Located
at the corner of Park Street (now Mother Teresa Sarani) and Lower
Circular Road (now A.J.C Bose Road) is the South Park Street Cemetery,
known to many as “the great cemetery”. One of the largest colonial cemeteries
of its kind, it is today one of the many tourist attractions of Calcutta (Kolkata).
The South Park Street Cemetery replaced the St.
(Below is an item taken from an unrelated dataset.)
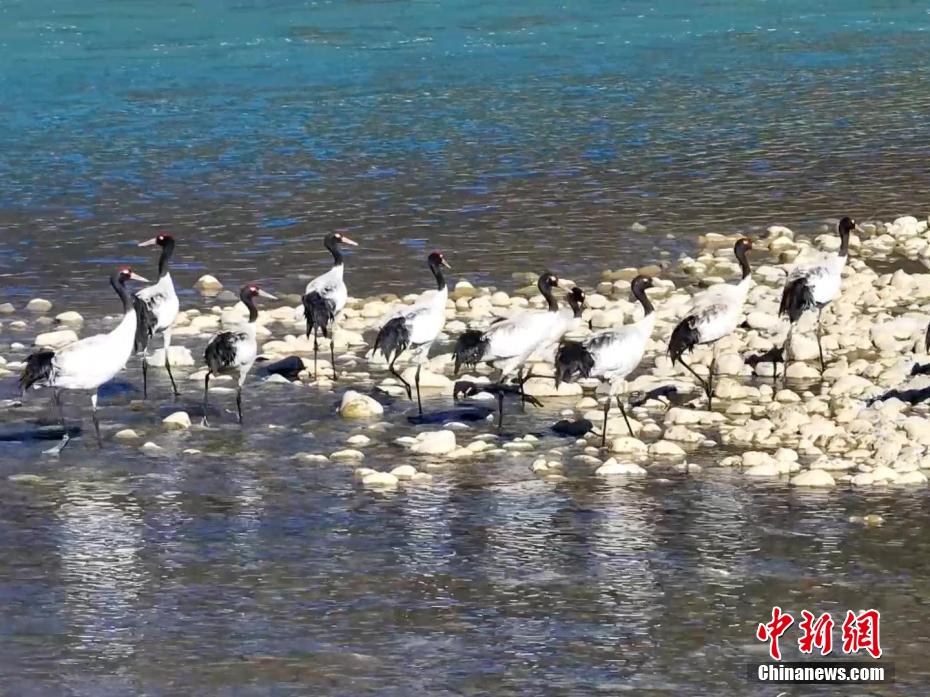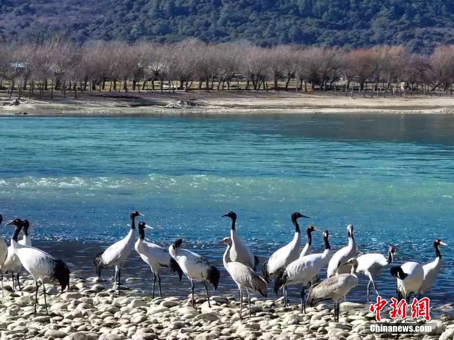 圖為黑頸鶴在雅魯藏布江畔覓食、嬉戲。德吉 攝
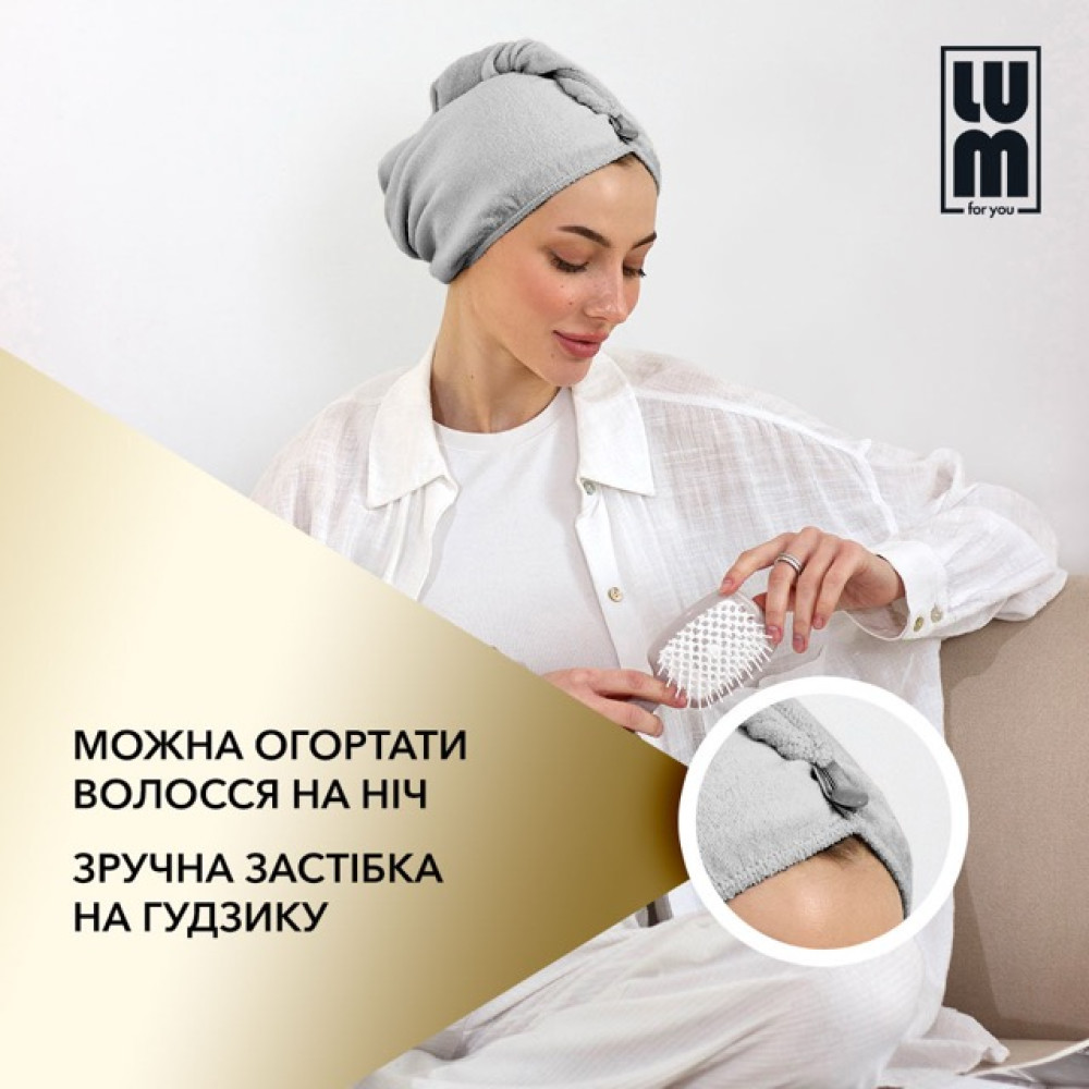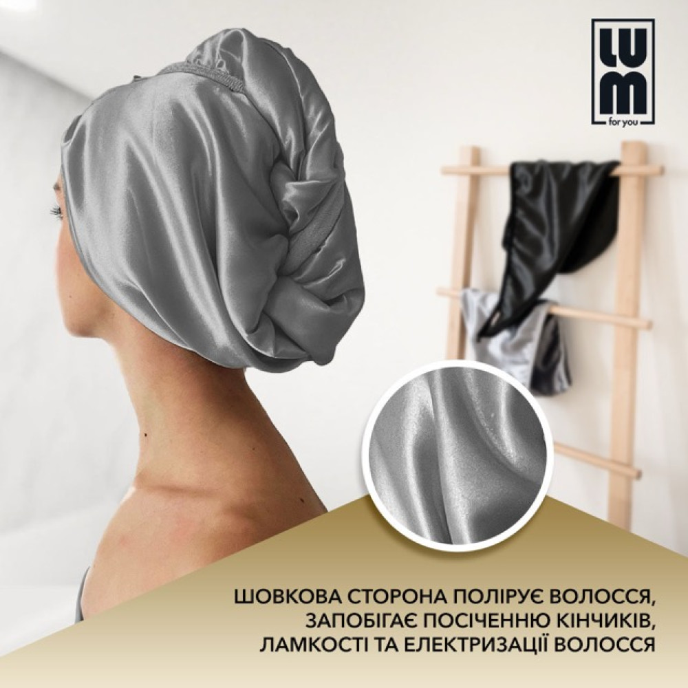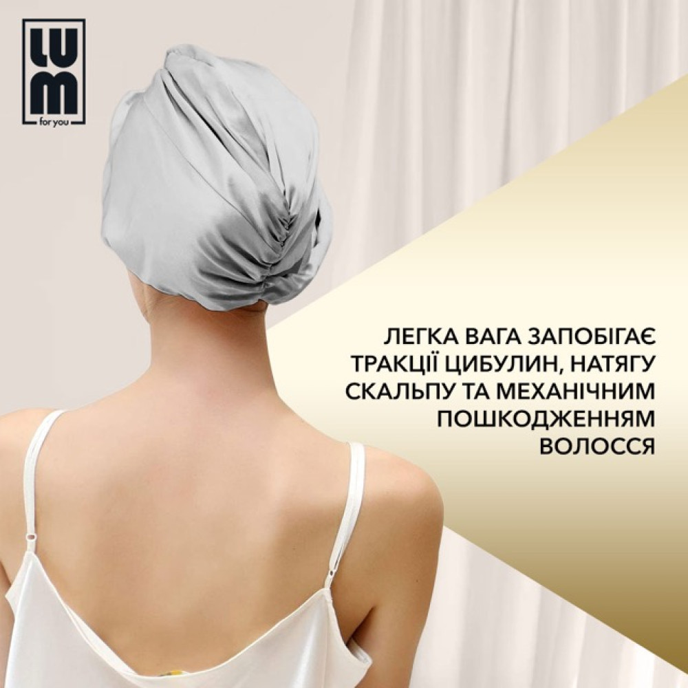 Двосторонній LUM Тюрбан - повертає об'єм біля самих коренів волосся, надає зачісці природної пишності. Не перерозтягує м'яз, що утримує волосяний фолікул, і дбайливо вбирає вологу, що забезпечує оптимальний догляд. Зроблено з чистого шовку - матеріалу з високою гігроскопічністю та протеїнами. Забезпечує терморегуляцію, дає змогу шкірі дихати та полірує волосся, що запобігає його сплутуванню. Тюрбан ефективно вбирає вологу, запобігає пересушуванню волосся. Легкий та зручний тюрбан не рве волосся, а сприяє збільшенню його об'єму.

John’s Church graveyard as the
principal burial ground of Calcutta and the road leading to it, which is today
called Park Street, was originally known as Burial Ground Road. It is perhaps
difficult to imagine that this part of the city was a jungle back then. Clive
hunted tigers in what is today Free School Street. Indeed, so far away was this
from the main city, that the Bishop who had to be present for the burial, had
to be paid a special allowance so he could maintain a carriage and horses. The
reasons behind siting a cemetery so far away from town are not difficult to
understand. Calcutta was a malarial swamp, and in an era where there was no
understanding of tropical disease, poor hygiene and poorer diet, the mortality
rate was shockingly high. The monsoons were particularly bad, and every year at
the end of the rainy season, feasts would be organised by those left living to
give thanks to God. In such a scenario, repeated reminders of death in the form
of funeral processions were thought of as undesirable.